| Officials from some of China’s most indebted provinces and cities have met leading state bankers in Beijing in recent days as they step up efforts to renegotiate debt payments on billions of dollars in liabilities that threaten to constrain growth in the world’s second-biggest economy.
“They are all here to attend the Two Sessions and pay visits to financial regulatory agencies and banking institutions in passing,” one banker familiar with the meeting between Liaoning and state institutions said. Officials from Hebei and Tianjin were seeking to restructure outstanding off-balance sheet debt, the people said, while those from Liaoning hoped to refinance some debt using local state assets as security. Before meeting the banks, the local officials also lobbied state regulators for their blessing to approach the banks, the people said.

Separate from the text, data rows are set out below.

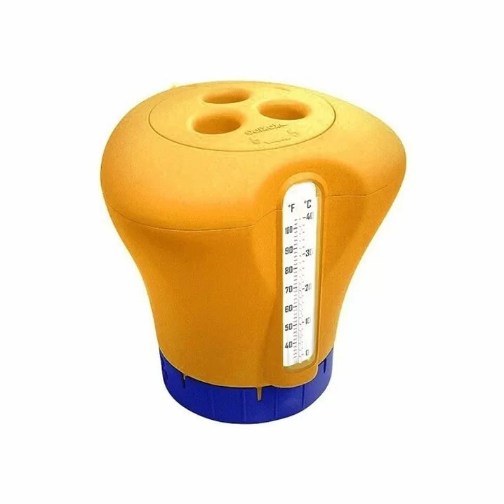 Плаваючий дозатор-термометр Kokido K619BU для хлорування басейнів. Виготовлений з нешкідливого полімеру. Регулює інтенсивність попадання дезинфікуючих речовин у воду в басейні. Оснащений термометром зі шкалою Цельсія і Фаренгейта. Не містить скла і ртуті.
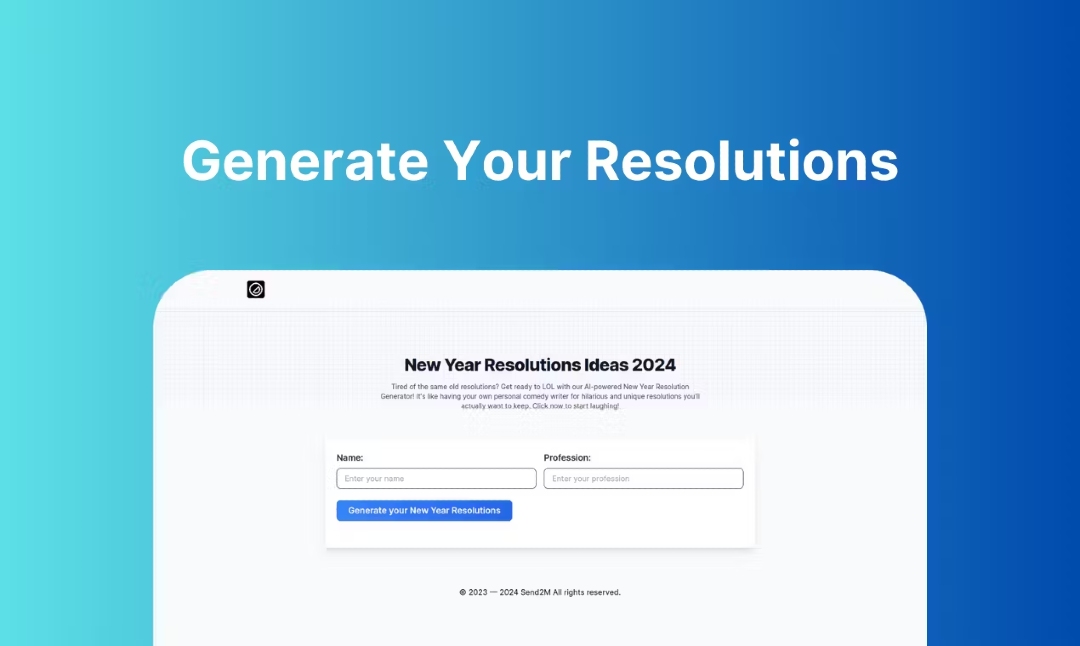 As the year wraps up, instead of the usual vows to hit the gym or travel more, why not add a dash of humor to your New Year goals? Enter the New Year Resolutions AI generator, a quirky twist to the annual tradition, promising to sprinkle laughter and light-heartedness into your 2024 goals.
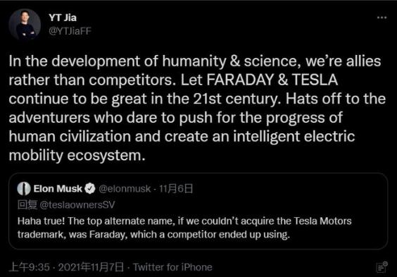 賈躍亭在推特上回應馬斯克的這一評論:
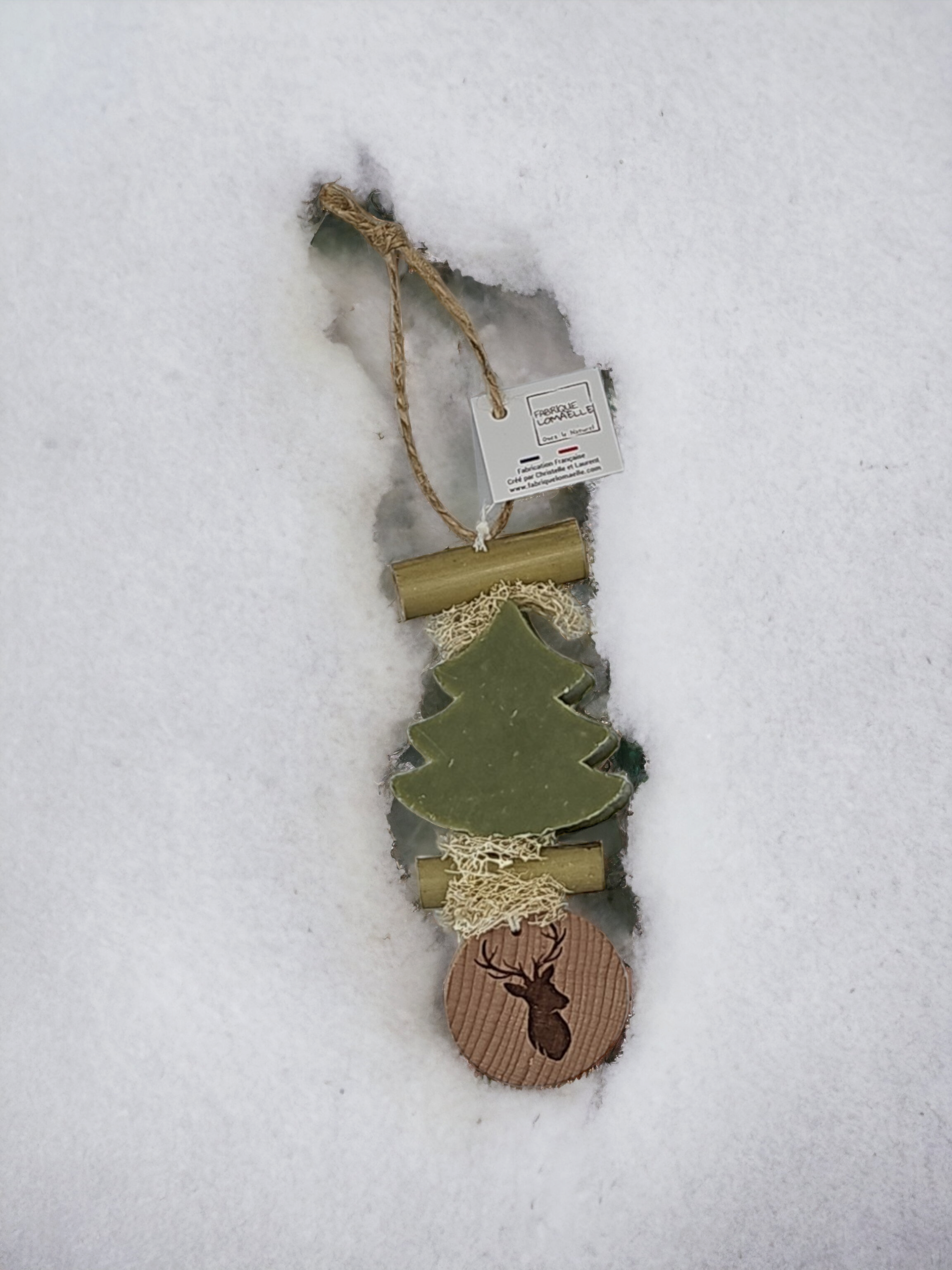 Tresse 1 savon sapin vert avec médaillon en bois tête de cerf
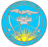 呈圆形。圆面为蓝色,中间是一座风格独特的城堡,其上为一只展翅的和平鸽,下方是光芒四射的太阳和两张引箭待发的弓。圆周上方为法文写的“马里共和国”;下方用法文写着格言“一个民族、一个目标、一个信念”。
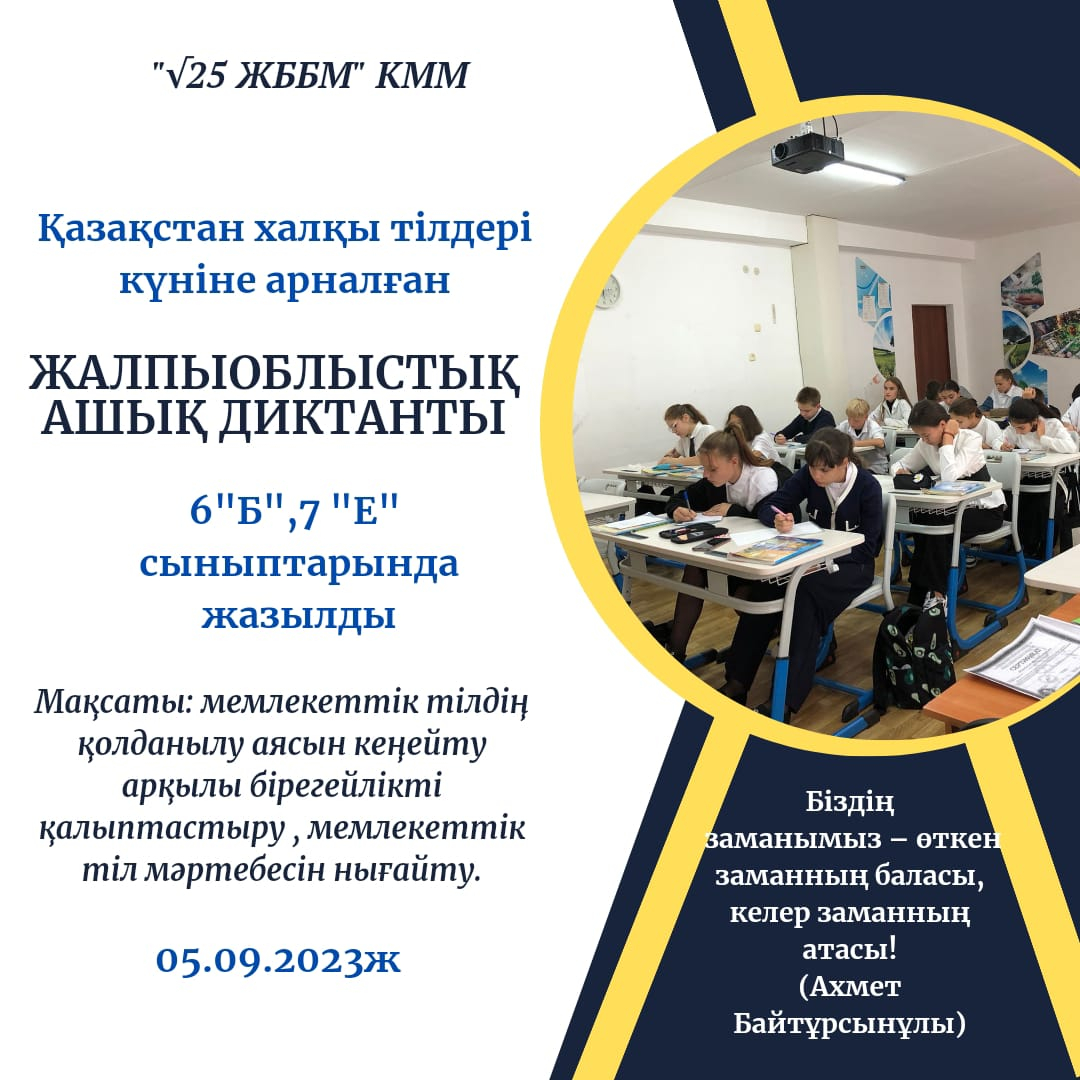 2023 жылдың қыркүйек айының 5 күні мектебімізде Қазақстан халқы тілдері күніне арналған ЖАЛПЫОБЛЫСТЫҚ АШЫҚ ДИКТАНТЫ 6 "Б", 7 "Е" сыныптарында алынды.
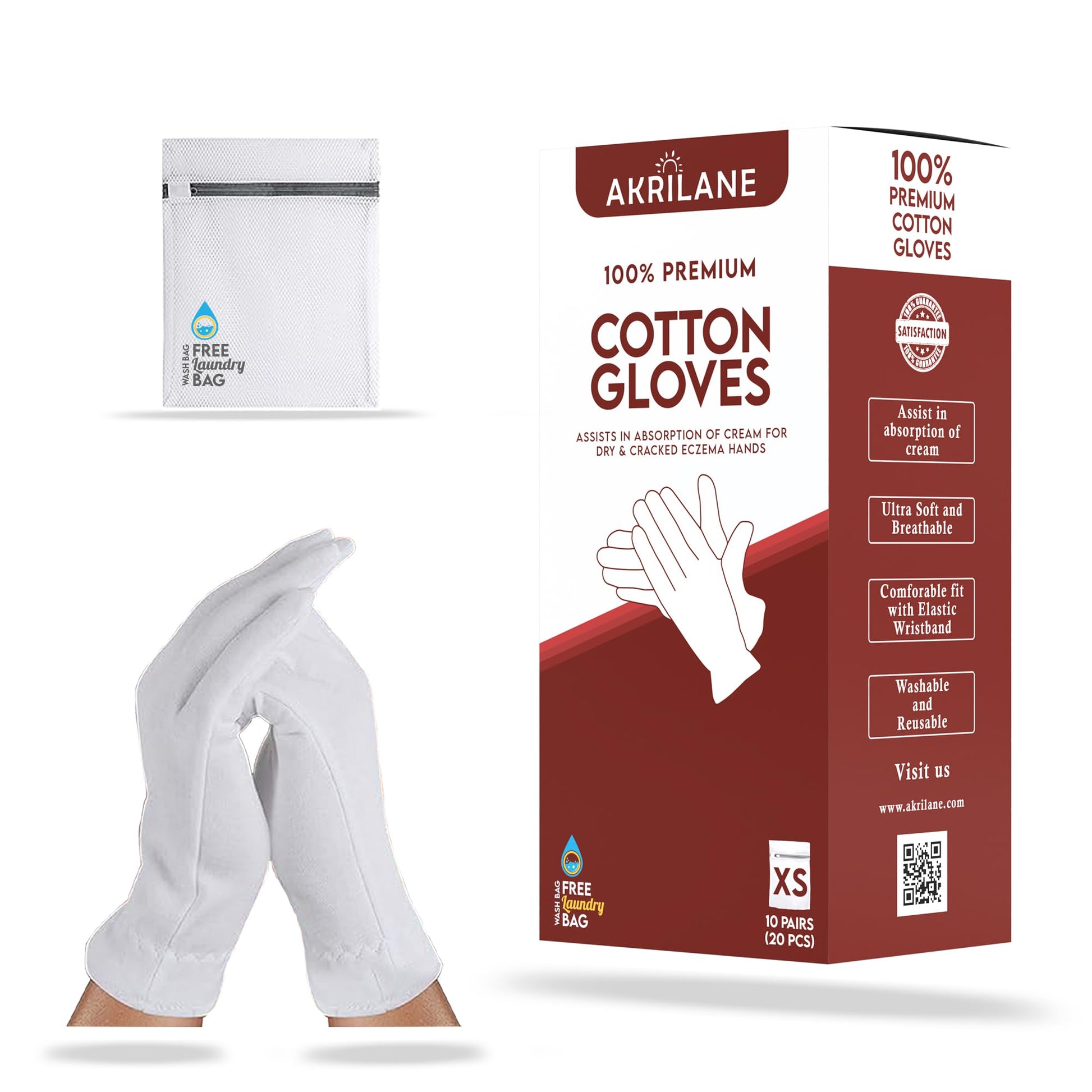 - ✨ EFFECTIVE MOISTURIZING RELIEF | DERMATOLOGIST RECOMMENDED - Akrilane's premium 100% cotton white gloves are designed to heal dry, cracked hands and provide relief for eczema and psoriasis. These gloves enhance the effectiveness of hand lotions and creams, resulting in softer and smoother skin, making them an ideal solution for those who frequently wash their hands. 🧤

China’s local governments have amassed up to 94 trillion yuan in debt, according to an estimate from Goldman Sachs, which includes liabilities from off-balance sheet entities known as local government financing vehicles – investment companies that raise debt and build infrastructure on behalf of authorities.A total of 3.2 trillion of public bonds needs to be repaid by the end of 2024, according to Moody’s.
“The immediate threat of bond defaults has been mitigated,” said Mr Chung, of Moody’s. “Focus has now shifted towards tackling mid- to long-term debt of LGFVs, which, while less likely to cause spillover effects, requires more time to manage effectively.”